Gold = answers. These are the exact tables BI tools or ML features consume.
4. SQL Insights (Databricks SQL / Notebook %sql magic)
-- Create SQL views over Gold for analysts (optional)
CREATE OR REPLACE TEMP VIEW gold_daily AS
SELECT * FROM delta.'/tmp/demo_retail/gold/metrics/daily_by_channel';
CREATE OR REPLACE TEMP VIEW gold_top_skus AS
SELECT * FROM delta.'/tmp/demo_retail/gold/metrics/top_skus';
-- Example insights
SELECT order_date, channel, revenue, orders, units
FROM gold_daily
ORDER BY order_date, channel;
SELECT sku, revenue, units, orders
FROM gold_top_skus
LIMIT 10;
Tip: In Unity Catalog environments, prefer catalog.schema.table names rather than paths, e.g., CREATE TABLE retail.gold.daily_by_channel USING DELTA LOCATION '...'.

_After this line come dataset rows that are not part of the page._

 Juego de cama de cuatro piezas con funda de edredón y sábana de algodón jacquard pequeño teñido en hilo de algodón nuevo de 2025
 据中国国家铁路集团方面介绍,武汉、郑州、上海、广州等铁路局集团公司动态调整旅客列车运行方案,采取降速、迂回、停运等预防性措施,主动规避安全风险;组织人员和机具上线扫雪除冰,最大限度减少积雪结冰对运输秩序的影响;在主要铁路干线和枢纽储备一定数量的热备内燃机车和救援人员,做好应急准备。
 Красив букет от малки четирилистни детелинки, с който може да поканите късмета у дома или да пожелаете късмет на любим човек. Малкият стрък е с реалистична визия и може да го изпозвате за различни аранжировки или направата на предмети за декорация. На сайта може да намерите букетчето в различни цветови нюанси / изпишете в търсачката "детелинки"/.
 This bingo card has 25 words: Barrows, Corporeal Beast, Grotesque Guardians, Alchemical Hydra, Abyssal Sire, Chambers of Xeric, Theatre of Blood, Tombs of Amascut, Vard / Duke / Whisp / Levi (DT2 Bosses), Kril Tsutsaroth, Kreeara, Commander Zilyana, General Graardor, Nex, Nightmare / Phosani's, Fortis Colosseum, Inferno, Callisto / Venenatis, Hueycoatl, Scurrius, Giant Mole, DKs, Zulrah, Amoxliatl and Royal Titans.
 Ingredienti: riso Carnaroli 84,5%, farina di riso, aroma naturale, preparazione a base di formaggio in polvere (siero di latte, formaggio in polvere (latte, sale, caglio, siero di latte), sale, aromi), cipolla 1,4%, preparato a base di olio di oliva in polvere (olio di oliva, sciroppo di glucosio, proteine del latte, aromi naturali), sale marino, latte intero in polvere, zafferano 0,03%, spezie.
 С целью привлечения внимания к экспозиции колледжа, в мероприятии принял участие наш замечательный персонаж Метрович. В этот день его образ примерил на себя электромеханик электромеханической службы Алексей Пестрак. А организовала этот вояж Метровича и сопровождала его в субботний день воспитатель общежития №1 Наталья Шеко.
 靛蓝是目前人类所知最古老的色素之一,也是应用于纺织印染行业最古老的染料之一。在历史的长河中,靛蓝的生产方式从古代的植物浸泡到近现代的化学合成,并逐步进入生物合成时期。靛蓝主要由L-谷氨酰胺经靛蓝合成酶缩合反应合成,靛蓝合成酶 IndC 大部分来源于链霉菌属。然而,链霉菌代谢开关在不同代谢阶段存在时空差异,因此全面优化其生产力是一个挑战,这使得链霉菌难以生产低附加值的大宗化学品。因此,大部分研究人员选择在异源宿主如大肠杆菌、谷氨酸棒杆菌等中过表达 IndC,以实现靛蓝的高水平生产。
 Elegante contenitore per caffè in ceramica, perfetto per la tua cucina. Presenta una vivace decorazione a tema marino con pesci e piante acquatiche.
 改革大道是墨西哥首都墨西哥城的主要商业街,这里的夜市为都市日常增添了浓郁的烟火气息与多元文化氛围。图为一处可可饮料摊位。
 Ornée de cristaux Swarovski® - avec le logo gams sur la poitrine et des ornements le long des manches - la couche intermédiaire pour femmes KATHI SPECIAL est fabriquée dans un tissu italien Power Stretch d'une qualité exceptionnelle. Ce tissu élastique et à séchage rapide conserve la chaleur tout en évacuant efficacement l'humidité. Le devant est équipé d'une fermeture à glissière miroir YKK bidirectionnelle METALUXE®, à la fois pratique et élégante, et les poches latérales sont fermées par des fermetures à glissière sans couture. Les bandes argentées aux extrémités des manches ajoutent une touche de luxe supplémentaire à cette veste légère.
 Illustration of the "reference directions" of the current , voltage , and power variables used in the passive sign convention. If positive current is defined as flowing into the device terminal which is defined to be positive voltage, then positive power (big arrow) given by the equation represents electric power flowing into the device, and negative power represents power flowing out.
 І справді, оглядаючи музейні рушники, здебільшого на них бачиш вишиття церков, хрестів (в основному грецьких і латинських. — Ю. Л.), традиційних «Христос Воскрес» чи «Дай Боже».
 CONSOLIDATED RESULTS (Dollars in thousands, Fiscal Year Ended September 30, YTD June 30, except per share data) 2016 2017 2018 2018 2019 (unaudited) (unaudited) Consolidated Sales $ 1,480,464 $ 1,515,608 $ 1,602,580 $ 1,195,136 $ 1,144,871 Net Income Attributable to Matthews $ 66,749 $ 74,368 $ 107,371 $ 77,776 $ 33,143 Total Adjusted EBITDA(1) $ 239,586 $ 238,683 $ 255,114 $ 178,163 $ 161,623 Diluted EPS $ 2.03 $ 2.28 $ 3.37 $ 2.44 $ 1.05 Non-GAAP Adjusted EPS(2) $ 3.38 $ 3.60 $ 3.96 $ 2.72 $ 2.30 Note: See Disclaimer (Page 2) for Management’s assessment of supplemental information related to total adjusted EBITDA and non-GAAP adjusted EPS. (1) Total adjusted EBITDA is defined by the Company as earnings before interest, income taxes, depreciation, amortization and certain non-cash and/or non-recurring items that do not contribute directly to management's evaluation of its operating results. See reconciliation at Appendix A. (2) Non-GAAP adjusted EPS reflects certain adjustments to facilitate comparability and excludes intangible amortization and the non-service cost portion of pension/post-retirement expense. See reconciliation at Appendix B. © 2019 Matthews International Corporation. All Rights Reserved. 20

5. Orchestrate & Operationalize (Jobs/Workflows)
Notebook Tasks:
Task A (Bronze load) → Task B (Silver clean) → Task C (Gold aggregates).
Schedule: Hourly / Daily.
Retries & Alerts: Set retry policy, email/Slack on failure.
Parameters: Pass ingest_date, source_path to notebooks for reusability.
6. Performance & Governance touches
Performance: OPTIMIZE ... ZORDER BY (order_date, sku) on big tables; cache hot Silver tables.
Cost: Use job clusters + auto-termination.
Governance: Put tables under Unity Catalog; grant SELECT to analyst groups; track lineage.
Bonus: Equivalent SQL Pattern (quick view)
-- Bronze → Silver in pure SQL (Delta tables)
CREATE OR REPLACE TABLE silver_orders AS
SELECT
order_id,
to_timestamp(order_ts, 'yyyy-MM-dd HH:mm:ss') AS order_ts,
customer_id,
sku,
qty,
unit_price,
initcap(status) AS status_std,
qty * unit_price AS line_amount
FROM delta.'/tmp/demo_retail/bronze/orders';
-- Dedup & filter
CREATE OR REPLACE TABLE silver_orders_curated AS
WITH ranked AS (
SELECT *,
row_number() OVER (PARTITION BY order_id ORDER BY order_ts DESC) AS rn
FROM silver_orders
)
SELECT * FROM ranked WHERE rn = 1 AND status_std = 'Completed';
-- Gold aggregates
CREATE OR REPLACE TABLE gold_daily_by_channel AS
SELECT
date(order_ts) AS order_date,
channel,
sum(line_amount) AS revenue,
count(DISTINCT order_id) AS orders,
sum(qty) AS units
FROM silver_orders_curated
GROUP BY date(order_ts), channel;